Cautionary Statements - Forward-Looking
Information
Certain statements in this information
constitute forward-looking statements or forward-looking
information within the meaning of applicable securities laws
("forward-looking statements"). Any statements that express or
involve discussions with respect to predictions, expectations,
beliefs, plans, projections, objectives, assumptions, potentials,
future events or performance (often, but not always, using words or
phrases such as "believes", "expects", "plans", "estimates" or
"intends" or stating that certain actions, events or results "may",
"could", "would", "might", "will" or "are projected to" be taken or
achieved) are not statements of historical fact, but are
forward-looking statements.
The forward-looking statements herein relate to, among other
things, Orvana's ability to achieve improvement in free cash flow;
the potential to extend the mine life of El Valle and Don Mario
beyond their current life-of-mine estimates including specifically,
but not limited to in the case of Don Mario, the completion of the
major tailings storage facility expansion, the mining of the Cerro
Felix deposit, the processing of the mineral stockpiles and the
reprocessing of the tailings material; Orvana's ability to optimize
its assets to deliver shareholder value; the Company's ability to
optimize productivity at Don Mario and El Valle; estimates of
future production, operating costs and capital expenditures;
mineral resource and reserve estimates; statements and information
regarding future feasibility studies and their results; future
transactions; future metal prices; the ability to achieve
additional growth and geographic diversification; future financial
performance, including the ability to increase cash flow and
profits; future financing requirements; and mine development
plans.
Forward-looking statements are necessarily based upon a
number of estimates and assumptions that, while considered
reasonable by the Company as of the date of such statements, are
inherently subject to significant business, economic and
competitive uncertainties and contingencies. The estimates and
assumptions of the Company contained or incorporated by reference
in this information, which may prove to be incorrect, include, but
are not limited to, the various assumptions set forth herein and in
Orvana's most recently filed Management's Discussion & Analysis
and Annual Information Form in respect of the Company's most
recently completed fiscal year (the "Company Disclosures") or as
otherwise expressly incorporated herein by reference as well as:
there being no significant disruptions affecting operations,
whether due to labour disruptions, supply disruptions, power
disruptions, damage to equipment or otherwise; permitting,
development, operations, expansion and acquisitions at El Valle and
Don Mario being consistent with the Company's current expectations;
political developments in any jurisdiction in which the Company
operates being consistent with its current expectations; certain
price assumptions for gold, copper and silver; prices for key
supplies being approximately consistent with current levels;
production and cost of sales forecasts meeting expectations; the
accuracy of the Company's current mineral reserve and mineral
resource estimates; and labour and materials costs increasing on a
basis consistent with Orvana's current expectations.

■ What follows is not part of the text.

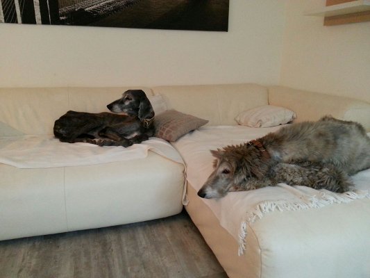 Unsere blaue-Affen-Liebhaberin ließ sich nicht schrecken, packte das Tierchen ein und gab Zuhause angekommen, sofort Meldung, daß der alte Mann von Enzo (ehemals Don Juan, vermittelt März 2016) freudig begrüßt worden sei und der noch vorhandene junge Barsoi Bridj am liebsten die ganze Zeit abschlecken würde...

A variety of inherent risks, uncertainties and factors, many
of which are beyond the Company's control, affect the operations,
performance and results of the Company and its business, and could
cause actual events or results to differ materially from estimated
or anticipated events or results expressed or implied by forward
looking statements. Some of these risks, uncertainties and factors
include fluctuations in the price of gold, silver and copper; the
need to recalculate estimates of resources based on actual
production experience; the failure to achieve production estimates;
variations in the grade of ore mined; variations in the cost of
operations; the availability of qualified personnel; the Company's
ability to obtain and maintain all necessary regulatory approvals
and licenses; the Company's ability to use cyanide in its mining
operations; risks generally associated with mineral exploration and
development, including the Company's ability to continue to operate
the El Valle and/or Don Mario and/or ability to resume long-term
operations at Carlés Mine; the Company's ability to acquire and
develop mineral properties and to successfully integrate such
acquisitions; the Company's ability to execute on its strategy; the
Company's ability to obtain financing when required on terms that
are acceptable to the Company; challenges to the Company's
interests in its property and mineral rights; current, pending and
proposed legislative or regulatory developments or changes in
political, social or economic conditions in the countries in which
the Company operates; general economic conditions worldwide; and
the risks identified in the Company's Disclosures
under the heading "Risks and Uncertainties". This list is not
exhaustive of the factors that may affect any of the Company's
forward-looking statements and reference should also be made to the
Company's Disclosures for a description of additional
risk factors.
Any forward-looking statements made in this information with
respect to the anticipated development and exploration of the
Company's mineral projects are intended to provide an overview of
management's expectations with respect to certain future activities
of the Company and may not be appropriate for other
purposes.
Forward-looking statements are based on management's current
plans, estimates, projections, beliefs and opinions and, except as
required by law, the Company does not undertake any obligation to
update forward-looking statements should assumptions related to
these plans, estimates, projections, beliefs and opinions change.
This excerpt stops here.